The method for manufacturing an electrolytic copper foil may manufacture a low-roughness copper foil which has a thin thickness, high mechanical strength, and high elongation by including additives of new composition. The copper electrolyte may include chlorine (chlorine ion) having a concentration of 1 to 40 ppm. Since a small amount of chlorine ion is present in the copper electrolyte, the number of nucleation sites is increased at the initial time of the electroplating and thus a crystal grain is fine to suppress crystal growth at the time of heating precipitates of CuCl2, which are formed at an interface of the grain boundary, at high temperature, thereby improving thermal stability at high temperature. When the concentration of chlorine ion is less than 1 ppm, the concentration of chlorine ion required in a sulfuric acid-copper sulfate electrolyte is insufficient, such that the tensile strength before the heat treatment may be reduced and the thermal stability at high temperature may be reduced. When the concentration of chlorine ion exceeds 40 ppm, the surface roughness of the matte side rises, and as a result, it is difficult to manufacture the low-roughness electrolytic copper foil, and therefore the tensile strength before the heat treatment may be reduced, and the thermal stability at high temperature may be reduced.


In the copper electrolyte, a content of the additive A may range from 1 to 10 ppm, a content of the additive B may range from 10 to 200 ppm, a content of the additive C may range from 5 to 40 ppm, and a content of the additive D may range from 1 to 10 ppm.


In the copper electrolyte, the additive A may improve manufacturing stabilization of the electrolytic copper foil and improve the strength of the electrolytic copper foil. When a content of the additive A is less than 1 ppm, the tensile strength of the electrolytic copper foil may be reduced and when a content of the additive A exceeds 10 ppm, the surface roughness of the matte side rises and thus it is difficult to manufacture the low-roughness electrolytic copper foil and the tensile strength of the electrolytic copper foil may be reduced.


In the copper electrolyte, the additive B may improve the surface gloss of the electrolytic copper foil. When a content of the additive B is less than 10 ppm, the gloss of the electrolytic copper foil may be reduced and when a content of the additive B exceeds 20 ppm, the surface roughness of the matte side rises and thus it is difficult to manufacture the low-roughness electrolytic copper foil and the tensile strength of the electrolytic copper foil may be reduced.


In the copper electrolyte, the additive C lowers the surface roughness of the electrolytic copper foil and the surface gloss thereof may be improved.

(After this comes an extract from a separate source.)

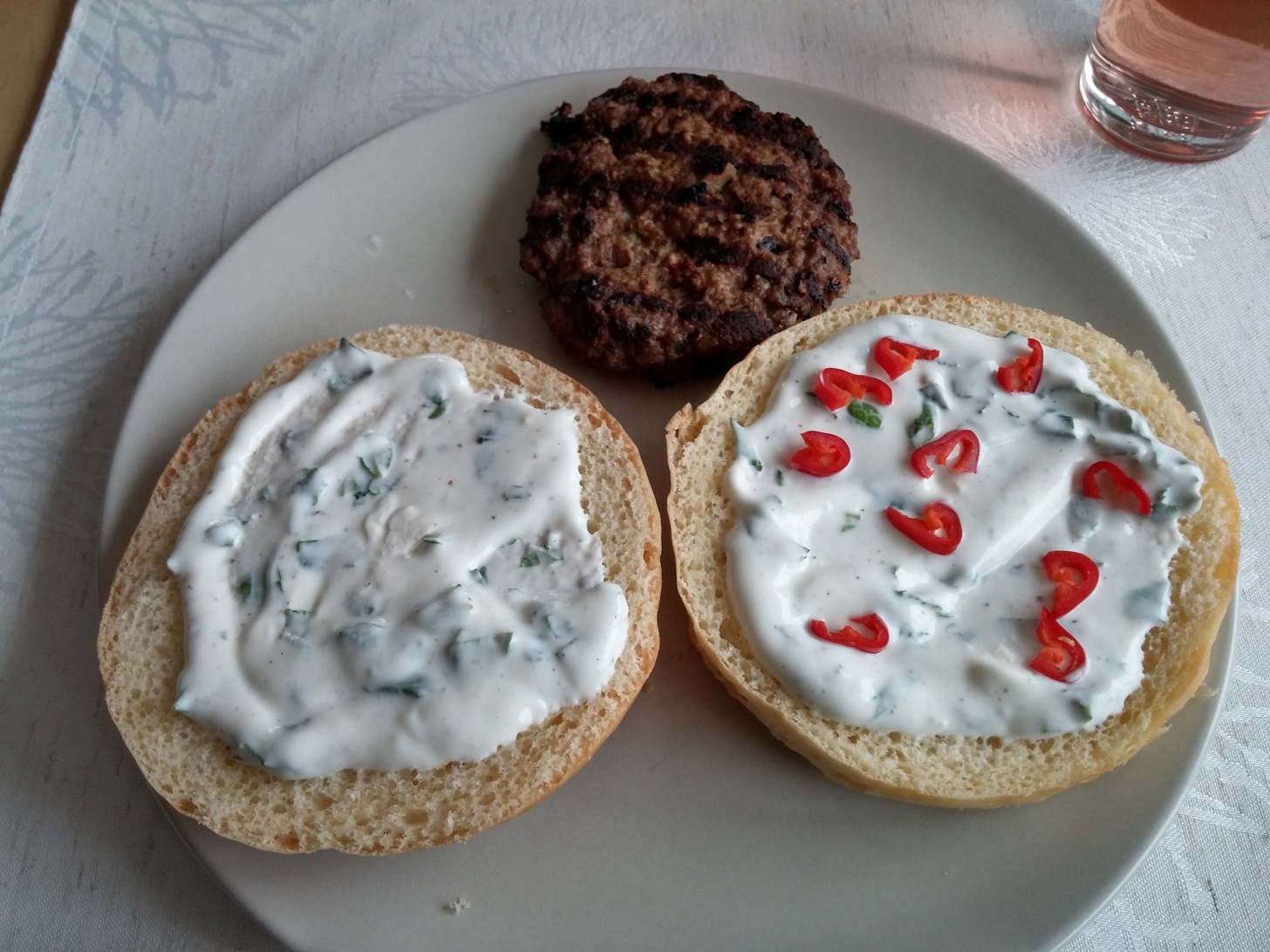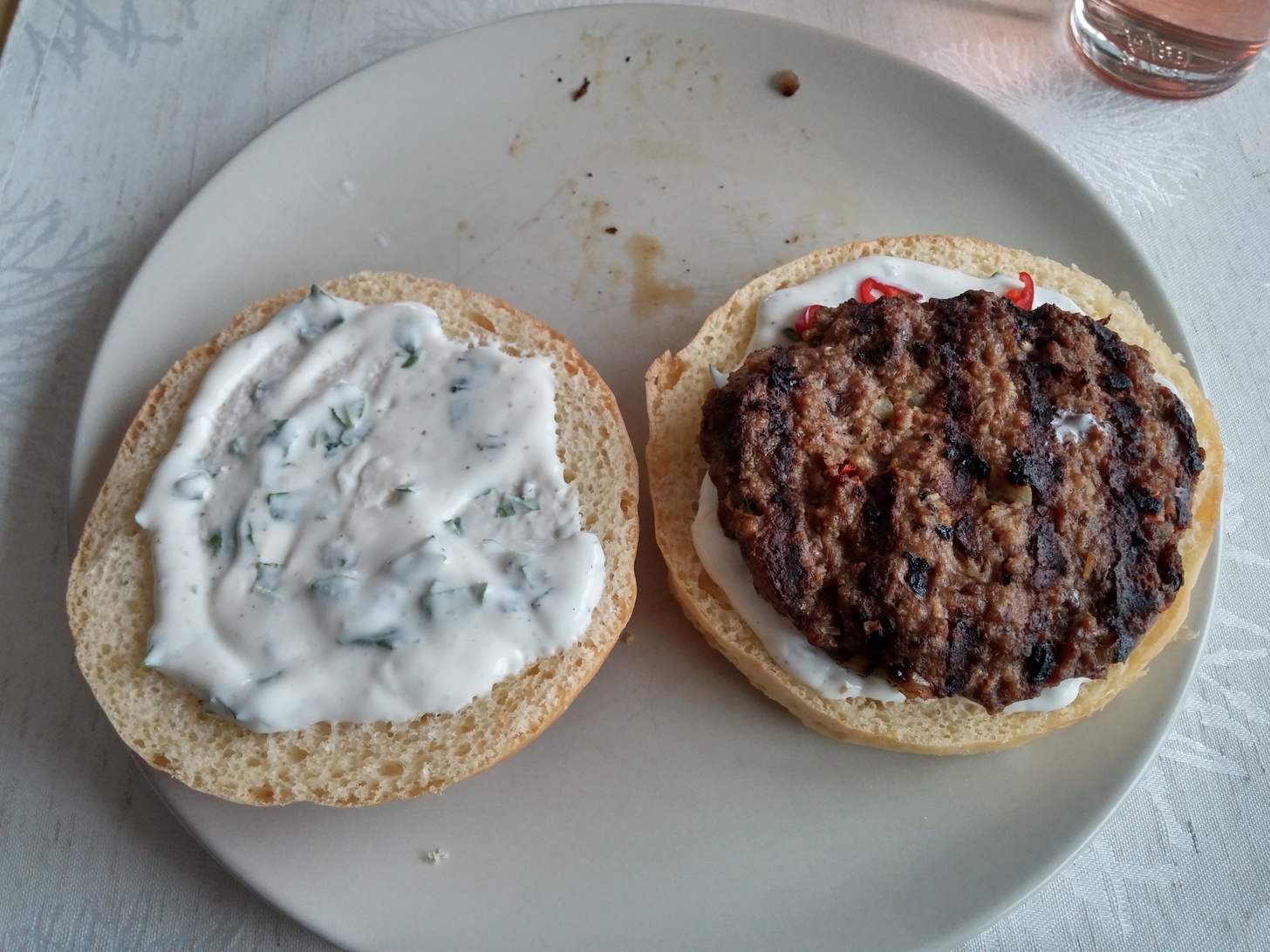 Beim Burger-Bauen sind der Phantasie keine Grenzen gesetzt. Etwas ist aber für mich fix: Auf beide Hälften des Hamburger Brötchens kommt zunächst die Grillsauce, die heute aus einer Minze-Joghurt-Schmand-Mischung besteht. Alles weitere ist dann variabel, zum Beispiel ob erst Fleisch oder erst Gemüse kommt.

When a content of the additive C is less than 5 ppm, the surface roughness of the matte side rises, and thus it is difficult to manufacture the low-roughness electrolytic copper foil and the gloss of the electrolytic copper foil may be reduced and when a content of the additive C exceeds 40 ppm, physical properties or appearance of the electrolytic copper foil may not almost be changed and a content of the additive C exceeding 40 ppm may be non-economic.


In the copper electrolyte, the additive D may serve to improve flatness of the surface of the electrolytic copper foil. When a content of the additive D is less than 1 ppm, the surface roughness of the matte side rises, and thus it is difficult to manufacture the low-roughness electrolytic copper foil and the gloss of the electrolytic copper foil may be reduced and when a content of the additive D exceeds 40 ppm, the precipitated state of the electrolytic copper foil may be instable and the tensile strength of the electrolytic copper foil may be reduced.


The thiourea-based compound may be at least one selected from a group consisting of diethylthiourea, ethylenethiourea, acetylenethiourea, dipropylthiourea, dibutylthiourea, N-trifluoroacetylthiourea, N-ethylthiourea, N-cyanoacetylthiourea, N-allylthiourea, o-tolylthiourea, N,N′-butylenethiourea, thiazolidinethiol, 4-thiazolinethiol, 4-methyl-2-pyrimidinethiol, and 2-thiouracil, but is not necessarily limited thereto, and therefore any thiourea-based compound which may be used as an additive in the art may be used. The compound in which the heterocycle including nitrogen is connected to the thiol group may be, for example, 2-mercapto-5-benzoimidazole sulfonic acid sodium salt, Sodium 3-(5-mercapto-1-tetrazolyl)benzene sulfonate, and 2-mercapto benzothiazole.


The sulfonic acid of a compound including a sulfur atom or the metal salt thereof may be, for example, at least one selected from the group consisting of Bis-(3-sulfopropyl) disulfide disodium salt (SPS), 3-mercapto-1-propanesulfonic acid (MPS), 3-(N, N-dimethyl-thio carbamoyl)-thio propane sulfonate sodium salt (DPS), 3-[(amino-imino-methyl)thio]-1-propane sulfonate sodium salt (UPS), o-ethyldithiocarbonato-S-(3-sulfopropyl) ester sodium salt (OPX), 3-(benzothiazolyl-2-mercapto)-propyl-sulfonic acid sodium salt (ZPS), ethylenedithiodipropylsulfonic acid sodium salt, thioglycolic acid, thiophosphoric acid-o-ethyl-bis-(ω-sulfopropyl)ester disodium salt, and thiophosphoric acid-tris-(ω-sulfopropyl)ester trisodium salt, but is not necessarily limited thereto, and therefore any sulfonic acid of a compound including a sulfur atom or a metal salt thereof which may be used as an additive in the art may be used.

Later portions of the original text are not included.